🤖 AI Summary
This paper introduces, for the first time within the Pandora’s Box framework, the minimax *ex post* regret criterion to study sequential search and stopping strategies under uncertainty. Methodologically, it integrates robust optimization, regret theory, and sequential decision analysis to rigorously characterize the optimal search depth, ranking order of options, and stopping threshold. The contributions are threefold: (1) It theoretically establishes a “choice overload” phenomenon—increasing the number of options systematically raises the probability of abandoning search in favor of an outside option; (2) It identifies the root cause as fear of making a *wrong choice*, rather than cognitive load; (3) It proposes two intervention mechanisms—recommendation-based signal design and heterogeneity in search cost—that significantly reduce worst-case regret and incentivize efficient exploration.
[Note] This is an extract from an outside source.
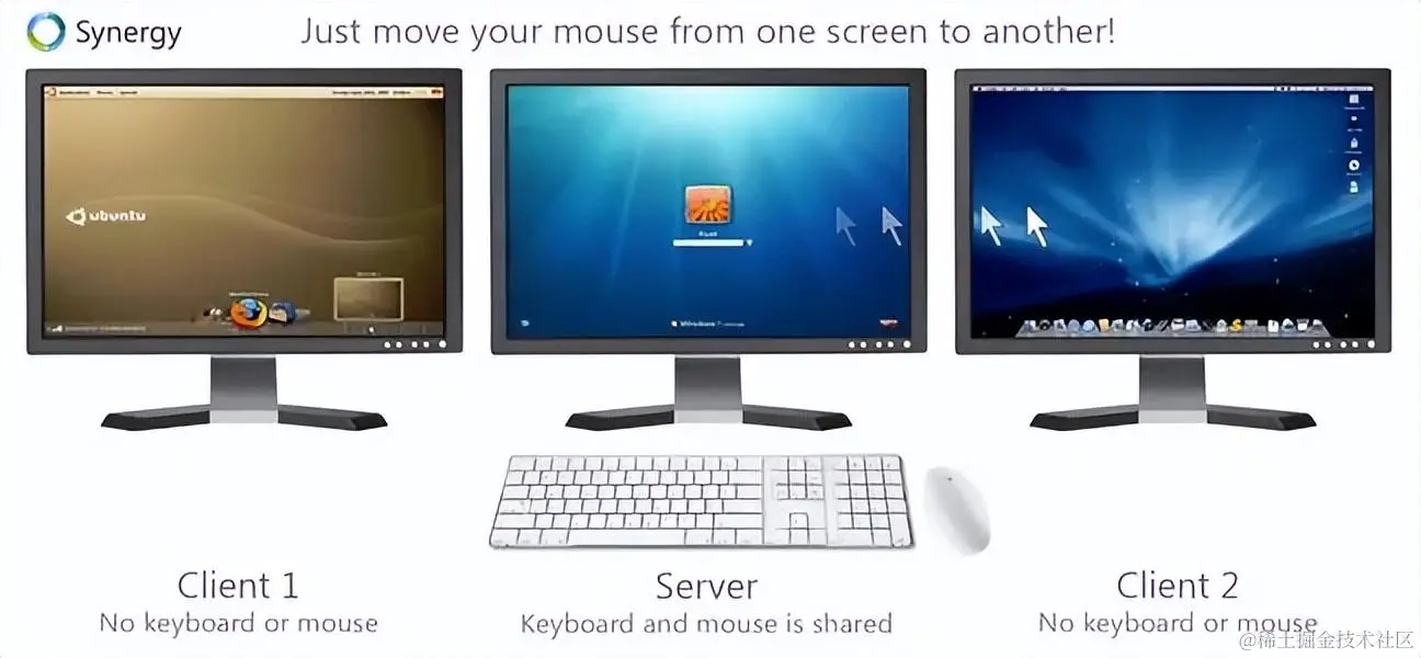 Synergy让你可以轻松地在办公桌上多台计算机之间共享你的鼠标和键盘。你只要将鼠标(指针)从一台计算机的屏幕边缘移出到另一个屏幕就行了。甚至可以共享你的剪贴板,而你所需要的仅仅是一个网络连接。

These results offer a novel paradigm bridging behavioral decision theory and mechanism design.
📝 Abstract
This paper revisits the classic Pandora's box problem, studying a decision-maker (DM) who seeks to minimize her maximal ex-post regret. The DM decides how many options to explore and in what order, before choosing one or taking an outside option. We characterize the regret-minimizing search rule and show that the likelihood of opting out often increases as more options become available for exploration. We show that this ``choice overload" is driven by the DM's fear of ``selection error" -- the regret from searching the wrong options -- suggesting that steering choice via recommendations or cost heterogeneity can mitigate regret and encourage search.